Swept Field Confocal Microscope

Feedsee Microscopy : Swept Field Confocal Microscope : Enhancements to Nikon's LiveScan include faster image capture and enhanced ease of use

ConfocalIn 2006, Nikon enhanced its newest generation confocal microscope, the Nikon LiveScan Swept Field Confocal Microscope. The instrument represented an innovative approach to live cell confocal imaging. The microscope's enhanced capabilities stem from the design of a user selectable aperture for excitation and emission, with choices of multiple pinholes or a slit scanning position. The light path design of the instrument reduced crosstalk and noise inherent in live cell confocal instrumentation. This, coupled with the capability to scan very rapidly for very short excitation durations to prevent phototoxicity, made the microscope an excellent live cell imaging instrument. New solid state laser options, gas options, and high-powered water-cooled gas options were available.
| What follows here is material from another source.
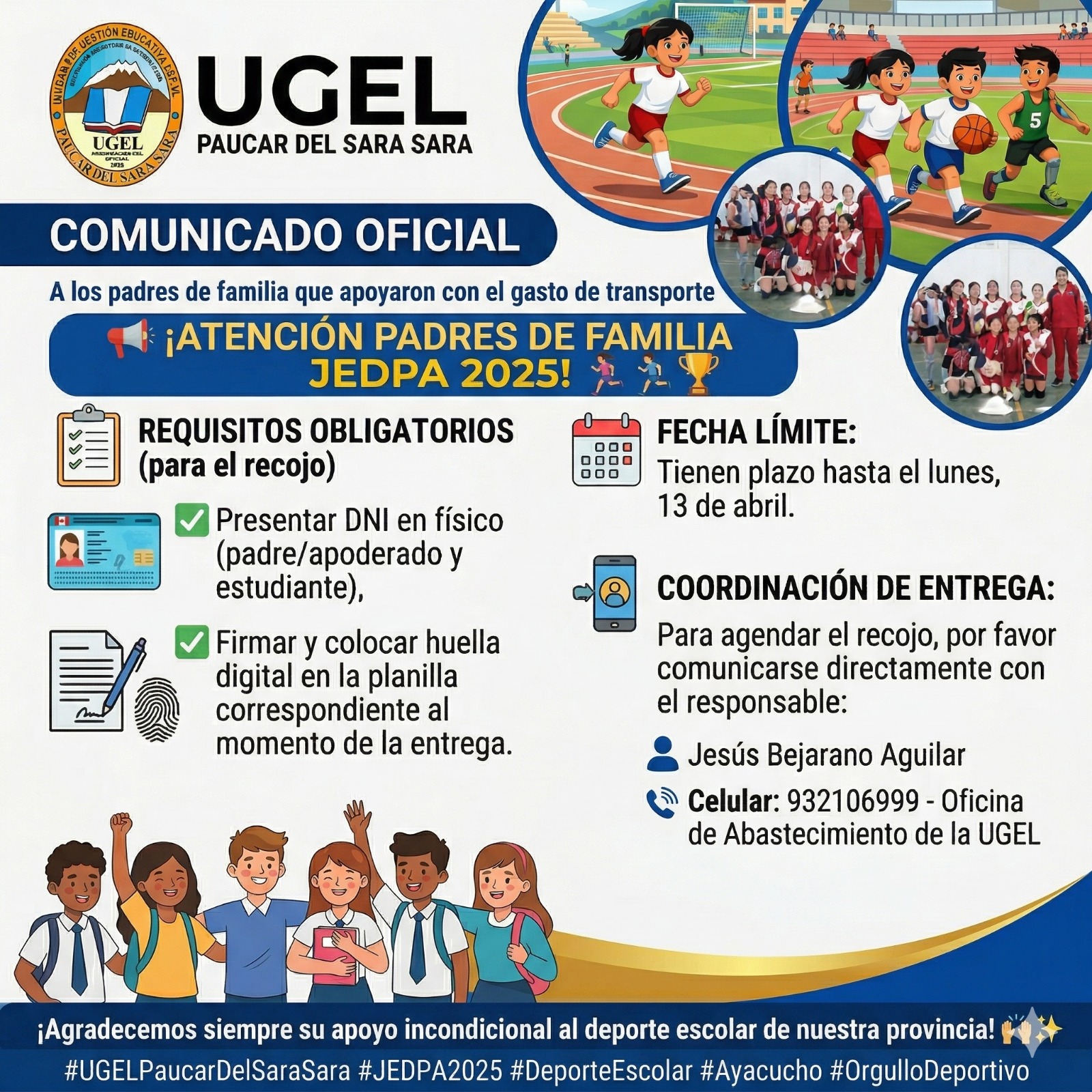 La Unidad de Gestión Educativa Local Paucar del Sara Sara informa a los padres de familia y apoderados de los estudiantes que representaron a la UGEL en la Etapa Regional de los Juegos Escolares Deportivos y Paradeportivos (JEDPA) 2025, desarrollada en la ciudad de Huamanga, que, gracias a las gestiones realizadas ante el Gobierno Regional de Ayacucho, se ha dispuesto la devolución de los gastos de transporte asumidos por las familias.

What is a confocal microscope?

A confocal microscope is a type of optical imaging technique designed to increase optical resolution and contrast by using a spatial pinhole to eliminate out-of-focus light or background information in specimens that are thicker than the focal plane. It was invented by Marvin Minsky in 1957 and is commonly used in the scientific and industrial communities for its ability to produce high-resolution images and to reconstruct three-dimensional structures from the obtained images.

Confocal microscopy operates on the principle of point illumination and point detection. The light source illuminates a single point on the specimen, and only the light that is reflected or emitted from that exact point is collected by the detector. This means that all of the light that is not coming from the plane of focus (the confocal plane) is excluded.

A major advantage of confocal microscopy over conventional optical microscopy is its ability to control depth of field, eliminating or reducing background information. This results in sharp, high-resolution images that can be used to reconstruct a 3D image of the specimen.

In biological sciences, confocal microscopy is often used in conjunction with fluorescent staining techniques, where specific structures or components within a cell or tissue are labeled with fluorescent dyes or proteins. When illuminated, these fluorescent markers emit light, which is captured to create highly detailed, contrast-rich images.

However, due to the scanning mechanism, confocal microscopy can be slower than other forms of light microscopy, and the lasers used can also cause photobleaching or phototoxicity in live specimens. Despite these limitations, it remains a key tool in many areas of biological and materials research.